Information supplied:
..........

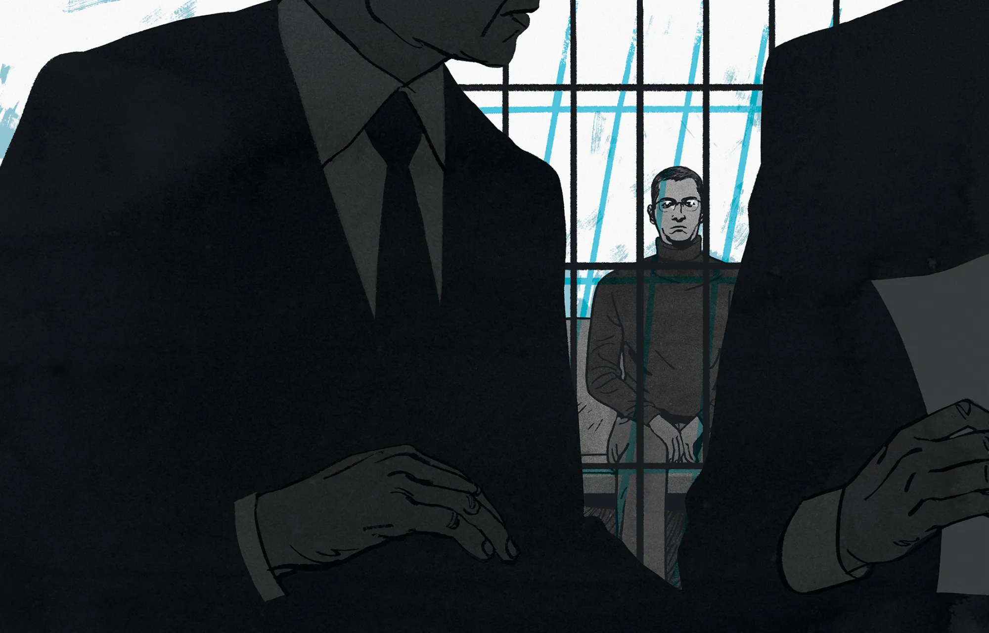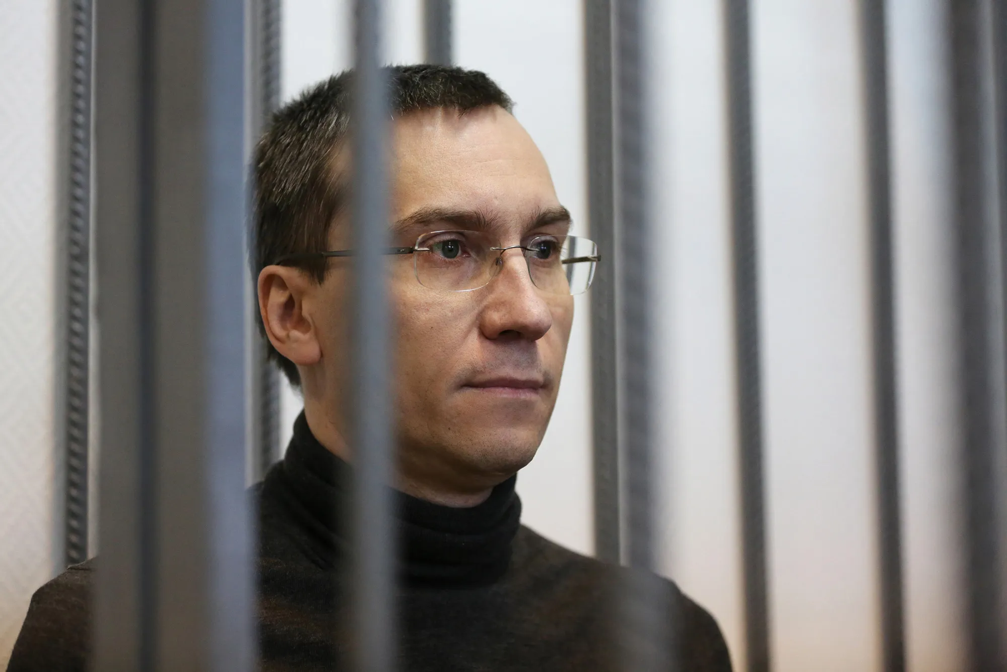 在其中一张访客长椅上,库利科夫的母亲在哭泣。库利科夫的搭档普柳什基娜试图安慰她,说仍然有上诉的机会。(他的律师几周后会提交上诉。)在被告的笼子里,库利科夫脸色苍白,低下头用双手捂住脸,靠在铁栏上,眼中泪水涌动。他的手紧紧握住金属杆,指关节变得发白。
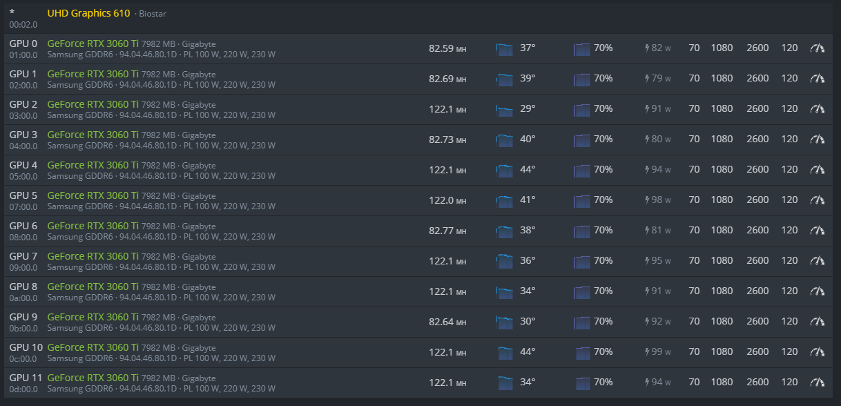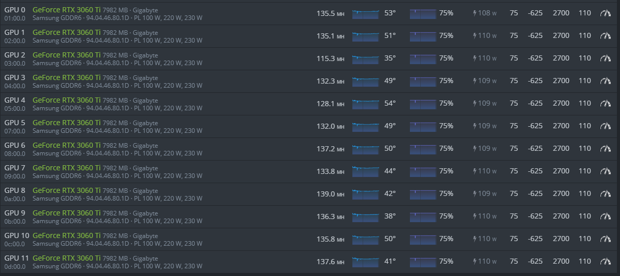Something wrong about LHR cards. I had MSi RTX 3060 Ti Gaming X LHR (Dual Fan) with Hynix memory. It was stable 131 mh/s 116w but now I got Galax RTX 3070 LHR 1 click oc. Its worse than msi rtx 3060 ti gaming x. It stuck 91 mh/s even with Samsung memory. I guess lhr cards have limit on any kind mining.
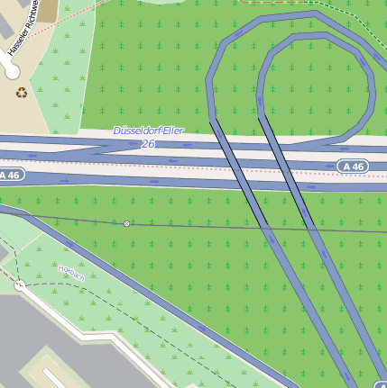 Geografische Punkte und Wege aus OpenStreetmap in der Nähe von ``Kreuz Düsseldorf-Süd´´
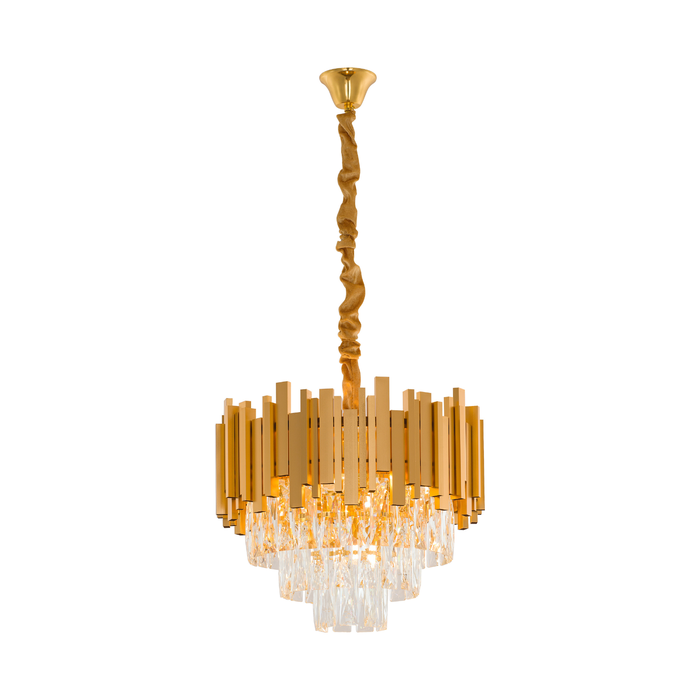 Luminária Pendente Lustre Luxuoso Dourado e Cristais Vana Sindora Inl102
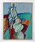 I soggetti di Prica hanno un legame intimo e soggettivo con la natura: egli opera ispirato da una razionalità che ancora il gesto creativo alle leggi fondamentali della vita, attribuendo all’opera un significato che va oltre il vissuto individuale. La sua pittura non si limita a un’imitazione naturalistica, si fa trasfigurazione lirica, intrecciando simboli, memoria e mitologia in un dialogo autentico tra arte e vita. Negli anni Settanta Prica concentra la sua ricerca sulla dimensione umana, protagonista di composizioni intense e profondamente evocative: il segno si anima, lo spazio si apre al dialogo con la materia, e la figura si fa veicolo per indagare identità ed esistenza, in un equilibrio sottile tra forma e intuizione. Tutto ciò emerge in Costa dell’Est, opera emblematica di questa fase matura. Le figure, stilizzate e fluide, si fondono con il paesaggio marino in una composizione dinamica e vibrante carica di tensione lirica tra astrazione e memoria del reale. Il segno frammentato e dinamico, i colori intensi e le strutture compositive testimoniano quella ricerca di equilibrio tra impulso emotivo e costruzione formale, che caratterizza la piena maturità dell’artista. Cornice presente
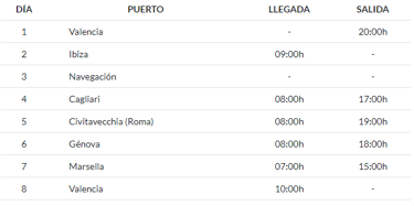 Cada destino suma una experiencia distinta: Ibiza con su ambiente isleño, Cagliari con su mezcla de mar y cultura sarda, Roma con su legado eterno, Génova con su tradición marítima y Marsella con su sabor francés mediterráneo. La tarifa incluye pensión completa, cuota de servicio (propinas) y tasas portuarias, ofreciendo una experiencia sin sobresaltos.
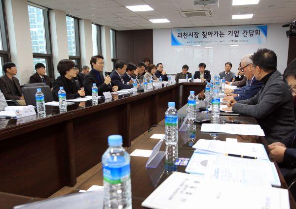 12일 과천시에 따르면, 김 시장은 안양시에 소재한 ㈜서현기술단 회의실에서 과천지식정보타운 입주 예정 기업인 ㈜서현기술단, 펄어비스, 코오롱글로벌 등 20개 업체 대표, 관계 공무원 등과 함께 과천시와 기업 간의 상생협력을 위한 방안에 대해 논의하고 상생협력과 동반성장을 도모하는 시간을 가졌다.
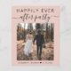 Budget-friendly blush pink elopement or private wedding announcement and reception or celebration party invitation. The front features your photo, "Happily Ever After Party" in modern typography and a stylish script with swashes and your names and wedding date. On the reverse side, personalize your marriage announcement and reception invitation in more detail, easily create your wedding website QR code for guests to scan to see your wedding photos, all the details and to RSVP online, and add your names in a signature-like script.
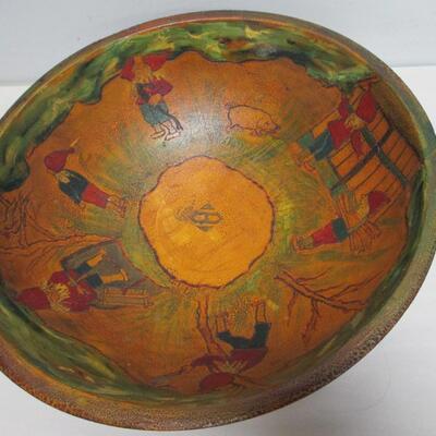 Hand Painted Vintage Munising Primitive Wooden Bowl
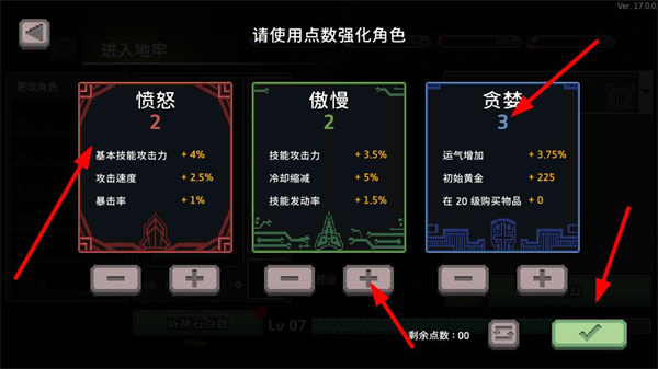 4、用點數強化角色的憤怒、傲慢、貪婪等屬性,調整屬性后點擊對勾確認,提升角色的各項能力。
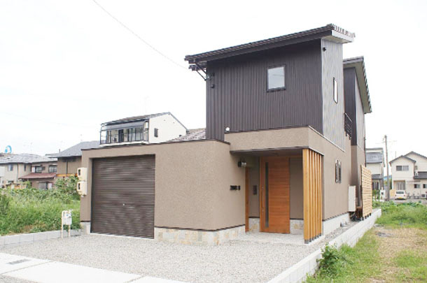 玄関横のシャッターには車庫があり、外から車が見えないよう配慮しています。建物ではなく塀にすることで、費用をかけずに、防犯とプライバシーを守ることができます。
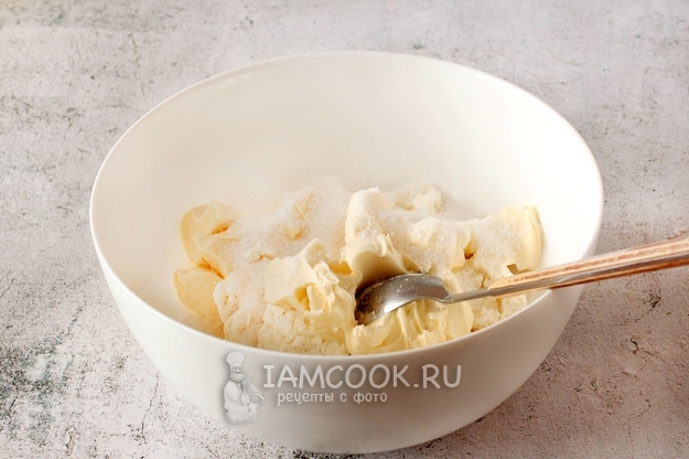 Творог соедините с размягченным маслом, добавьте сахар, щепотку соли и ванилин. Хорошенько разотрите до однородности. У меня был хорошо отжатый творог и я растирала его вручную, поэтому остались кусочки творога. Но можно пробить все погружным блендером, чтобы структура смеси стала однородной, как крем.
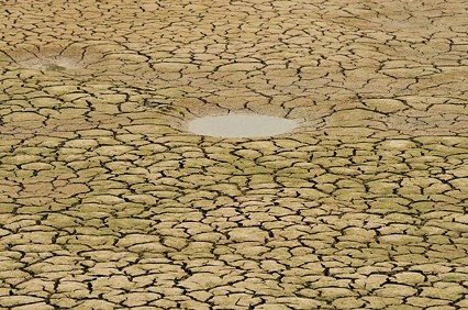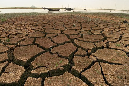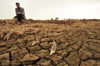 因?yàn)槿彼尸F(xiàn)大片龜裂底泥的魚塘。
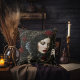 Schöne Gotische Frau mit Thorns und Rose Kissen
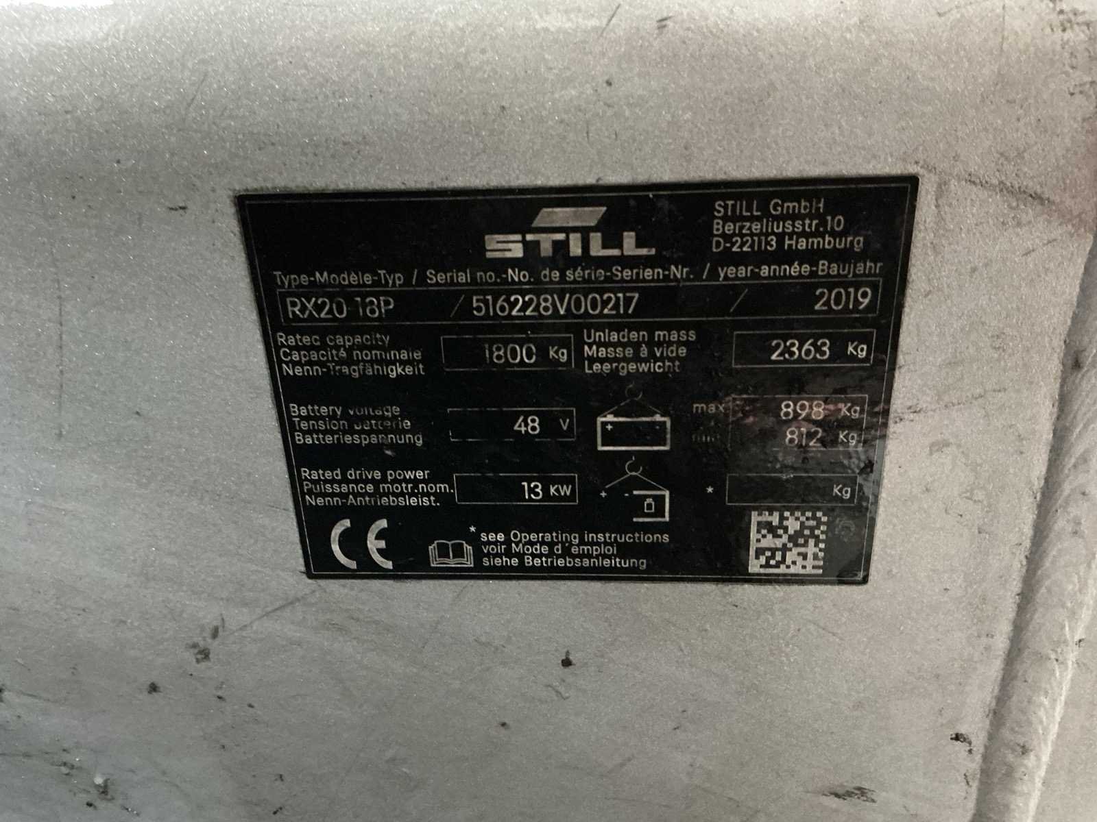 Merk: STILL Type: RX20-18P Bouwjaar: 2018 Serienummer: 516228V00217 Mast: Triplex Aantal wielen: 4 Afgelezen urenstand: 6157 Free-lift: true Side-shift: true Triple mast: true Hefvermogen: 1800kg Lepellengte: 900mm Hefhoogte: 3180mm Minimale doorrijhoogte: 2160mm
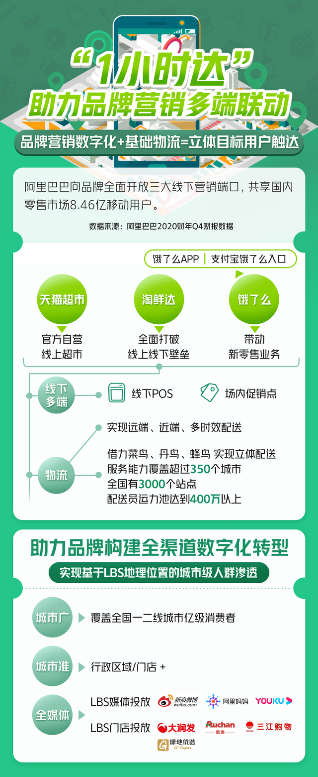 天猫超市、淘鲜达、饿了么今天宣布与伊利升级战略合作,双方将共同在营销、服务等方面合作。根据双方签订的合作文本,伊利一站式入驻上述三大零售平台之外,在线下市场,也将利用淘鲜达数字云店(线下POS机)、以及在大润发、欧尚等大型商超场内促销点,最终通过菜鸟物流体系,实现商品在全国主要城市一小时到家配送。
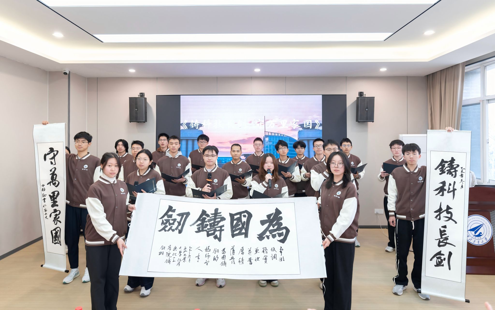 随后,学院铸剑班全体21名同学精神饱满、声音洪亮地朗诵了《铸科技长剑 守万里家国》,铿锵有力的誓言回荡在会场,展现了铸剑班学子昂扬的斗志和坚定的信念。

..........

What you have to do:
What is needed is an exact copy of the lines from the one with "Merk: STILL Type: RX20-18P" through the end of the data above, both included, minus any pictures.

Finished exercise:
 Merk: STILL Type: RX20-18P Bouwjaar: 2018 Serienummer: 516228V00217 Mast: Triplex Aantal wielen: 4 Afgelezen urenstand: 6157 Free-lift: true Side-shift: true Triple mast: true Hefvermogen: 1800kg Lepellengte: 900mm Hefhoogte: 3180mm Minimale doorrijhoogte: 2160mm
 天猫超市、淘鲜达、饿了么今天宣布与伊利升级战略合作,双方将共同在营销、服务等方面合作。根据双方签订的合作文本,伊利一站式入驻上述三大零售平台之外,在线下市场,也将利用淘鲜达数字云店(线下POS机)、以及在大润发、欧尚等大型商超场内促销点,最终通过菜鸟物流体系,实现商品在全国主要城市一小时到家配送。
 随后,学院铸剑班全体21名同学精神饱满、声音洪亮地朗诵了《铸科技长剑 守万里家国》,铿锵有力的誓言回荡在会场,展现了铸剑班学子昂扬的斗志和坚定的信念。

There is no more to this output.